"""
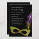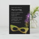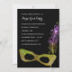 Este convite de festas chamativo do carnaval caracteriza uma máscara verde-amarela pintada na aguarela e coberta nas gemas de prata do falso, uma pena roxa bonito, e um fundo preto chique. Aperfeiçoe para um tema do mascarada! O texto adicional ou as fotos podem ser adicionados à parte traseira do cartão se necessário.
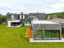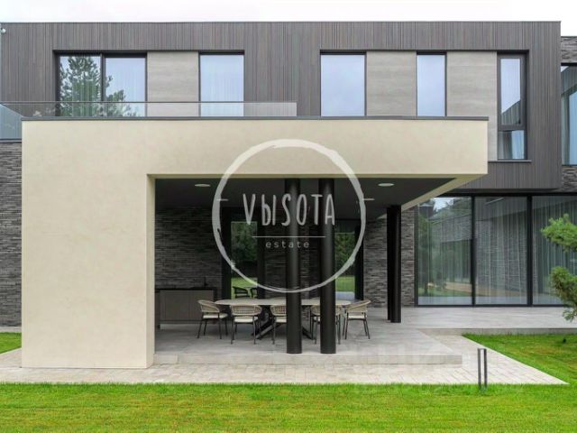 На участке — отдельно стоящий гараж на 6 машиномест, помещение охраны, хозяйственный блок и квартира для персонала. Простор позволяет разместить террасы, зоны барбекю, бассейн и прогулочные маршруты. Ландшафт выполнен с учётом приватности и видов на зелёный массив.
"""
"""
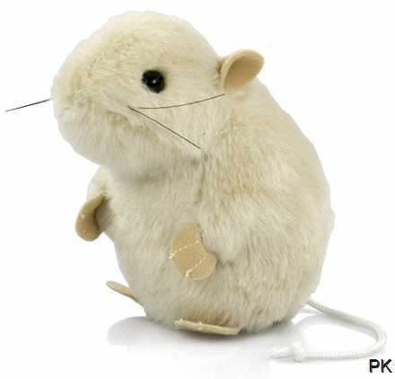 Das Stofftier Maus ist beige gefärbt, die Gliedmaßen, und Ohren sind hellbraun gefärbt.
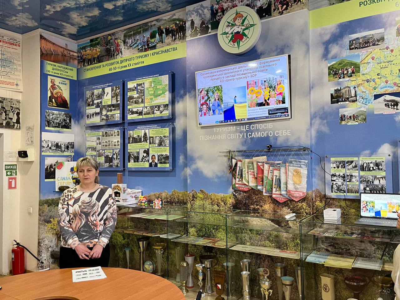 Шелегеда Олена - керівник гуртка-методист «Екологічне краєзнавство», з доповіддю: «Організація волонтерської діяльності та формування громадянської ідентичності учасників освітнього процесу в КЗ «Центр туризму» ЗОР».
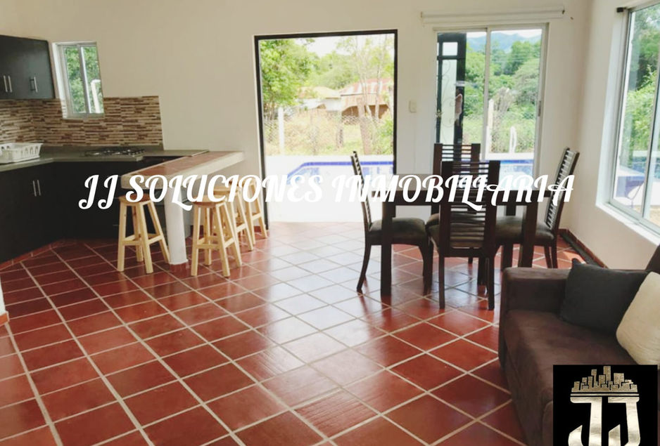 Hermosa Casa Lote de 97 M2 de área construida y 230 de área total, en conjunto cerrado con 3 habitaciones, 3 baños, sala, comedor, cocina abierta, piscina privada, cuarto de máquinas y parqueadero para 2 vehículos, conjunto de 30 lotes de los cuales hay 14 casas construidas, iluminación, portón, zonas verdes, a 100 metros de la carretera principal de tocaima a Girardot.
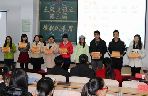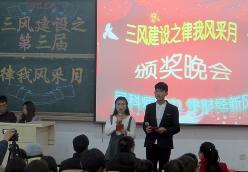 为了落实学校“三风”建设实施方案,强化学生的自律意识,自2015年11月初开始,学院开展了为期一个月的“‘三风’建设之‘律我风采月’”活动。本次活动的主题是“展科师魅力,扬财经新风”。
"""
What is required: From the entries above, copy exactly the lines starting at the one with "Este convite de" and stopping at the one with "На участке —", keeping both ends. Drop the pictures.

Reply to the task:
 Este convite de festas chamativo do carnaval caracteriza uma máscara verde-amarela pintada na aguarela e coberta nas gemas de prata do falso, uma pena roxa bonito, e um fundo preto chique. Aperfeiçoe para um tema do mascarada! O texto adicional ou as fotos podem ser adicionados à parte traseira do cartão se necessário.
 На участке — отдельно стоящий гараж на 6 машиномест, помещение охраны, хозяйственный блок и квартира для персонала. Простор позволяет разместить террасы, зоны барбекю, бассейн и прогулочные маршруты. Ландшафт выполнен с учётом приватности и видов на зелёный массив.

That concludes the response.